Arbitration Agreements Can Be Bad News for Employees – What You Need to Know
In my work representing injured workers, I am increasingly seeing a disturbing pattern of employers having employees sign arbitration agreements. If you have signed an employment contract in the past 15 years, chances are you have also signed away your rights to sue your employer if you get fired for bad reasons, have been discriminated against at work or have been seriously injured on the job. But more and more I am encountering these same agreements for at-will employees of all types.
Arbitration generally means that your lawsuit will not be heard by a court or a jury of your peers. Instead, your lawsuit will be decided by a third party, or sometimes a three-person panel, called an arbitrator. If you signed an arbitration agreement, the decision of the arbitrator is generally binding on both you and your employer.

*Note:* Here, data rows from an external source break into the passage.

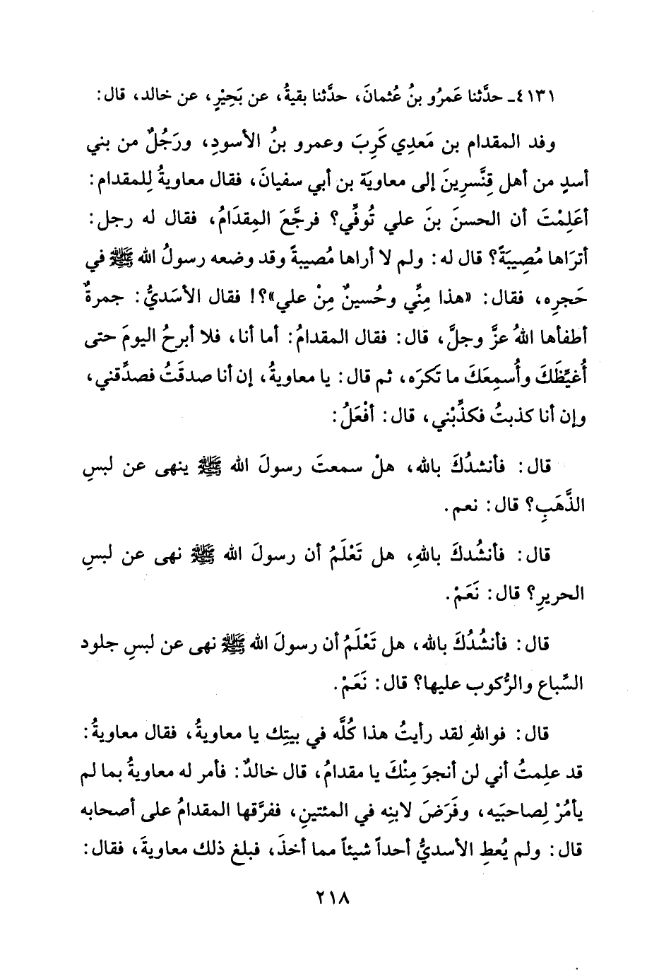 وفد المقدام بن مَعدِي كَرِبَ وعمرو بنُ الأسودِ، ورَجُلٌ من بني أسدِ من أهل قِنَّسرِينَ إلى معاويَة بن أبي سفيانَ، فقال معاويةُ لِلمقدام: أعَلِمْتَ أن الحسنَ بنَ علي تُوفِّي؟ فرجَّعَ المِقدَامُ، فقال له رجل: أترَاها مُصِيبَةً؟ قال له: ولم لا أراها مُصيبةً وقد وضعه رسولُ الله - صلَّى الله عليه وسلم - في حَجرِه، فقال: "هذا مِنِّي وحُسينٌ مِنْ علي"؟! فقال الأسَديُّ: جمرةٌ أطفأها اللهُ عزَّ وجلَّ، قال: فقال المقدامُ: أما أنا، فلا أبرحُ اليومَ حتى أُغيِّظَكَ وأُسمِعَكَ ما تَكرَه، ثم قال: يا معاويةُ، إن أنا صدقَتُ فصدِّقني، وإن أنا كذبتُ فكذِّبْني، قال: أفْعَلُ: قال: فأنشُدُكَ بالله، هلْ سمعتَ رسولَ الله - صلَّى الله عليه وسلم - ينهى عن لبسِ الذَّهَبِ؟ قال: نَعَمْ. قال: فأنشُدكَ باللهِ، هل تَعْلَمُ أن رسولَ الله - صلَّى الله عليه وسلم - نهى عن لبسِ الحريرِ؟ قال: نَعَمْ. قال: فأنشُدُكَ بالله، هل تَعْلَمُ أن رسولَ الله - صلَّى الله عليه وسلم - نهى عن لبسِ جلود السَّباع والرُّكوب عليها؟ قال: نَعَمْ. قال: فواللهِ لقد رأيتُ هذا كُلَّه في بيتِك يا معاويةُ، فقال معاويةُ: قد علِمتُ أني لن أنجوَ مِنْكَ يا مقدامُ، قال خالدٌ: فأمر له معاويةُ بما لم يأمُرْ لِصاحبَيه، وفَرَضَ لابنِه في المئتينِ، ففرَّقها المقدامُ على أصحابه قال: ولم يُعطِ الأسديُّ أحداً شيئاً مما أخذَ، فبلغ ذلك معاويةَ، فقال: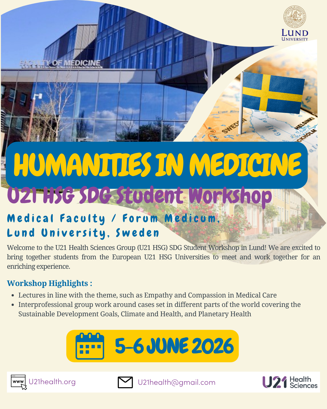 The 2026 SDG Student Workshop was hosted at the Faculty of Medicine, Lund University, Sweden from 5-6 June 2026 on the topic of “Humanities in Medicine” .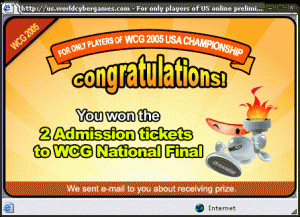 I won 2 tickets to the WCG USA Final 😐 This prize stinks! I want the graphic card or mp3 player :[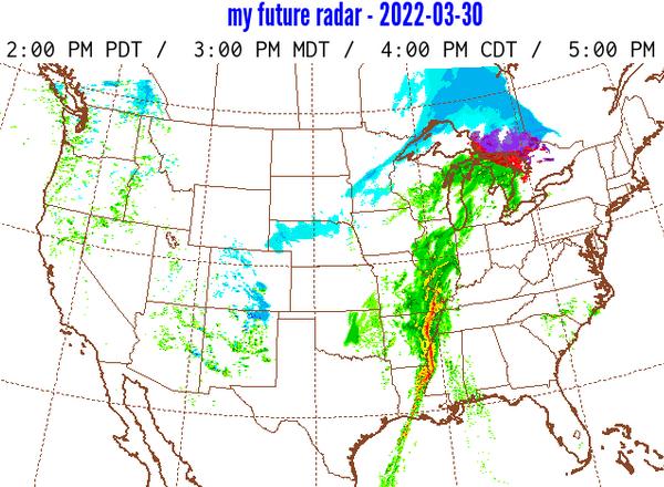 (except warmer and rainy tomorrow. "My Future Radar" is a neat web site, kind of a crystal ball into the future showing projected radar weather maps on the fly. Heavy storm front going through on Wednesday, not enough time to drive far enough south to get away, so we decide to go south some today, then sit tight under shelter while the windy wet stuff passes through. Straight south near central IL and northern KY will get hit hardest late night Wednesday. Southwest IL near St Louis Will get hit hardest in mid afternnoon Wednesday. Rather sit through it in the afternoon than sleep with it at midnight. So we saddled up and drove 240 miles southwest to near East St Louis, IL.

Over the past couple decades, employers and companies have pushed more and more for arbitration in a variety of circumstances including consumer contracts, nursing home admissions and more recently employment. The reason for this is two-fold. For one, there is typically no appeal process in arbitration. Once the arbitrator decides, that’s it. But the bigger reason that the employers and/or companies favor arbitration is that most often the arbitrators have a pro-business leaning and companies tend to fare much better against litigants in arbitration. For people seriously injured at work, arbitration could potentially cost you millions of dollars in deserving compensation.
As mentioned, it has almost become common practice for some employers to include employment arbitration agreements inside of standard employment forms and documents. Because of this, many employees often sign these agreements without realizing the ramifications. Employees often do not know that they have signed away their rights to bring a lawsuit, because the employment arbitration agreement was included as a clause within an employment contract, or in an employee handbook.
That’s why it is critical to read through all the clauses in an employment contract before you sign it. If you get a document that says you have read and understand everything contained in an employee handbook, be sure to read and understand everything before singing. You can also ask your new employer if any of the documents you are signing contain an employment arbitration agreement.
If faced with an arbitration agreement, you will have to decide whether you are willing to sign away your rights. Keep in mind that your employer may rescind your job offer if you refuse to sign the arbitration agreement. Even at-will employees can potentially be fired for refusing to sign. But consider your bargaining power as well. If a certain employer has been courting you for months, they may be willing to give up or modify the scope of the arbitration agreement.
If you feel concerned about an overly-broad or restrictive arbitration agreement, you may want to speak with an experienced attorney before attempting to negotiate.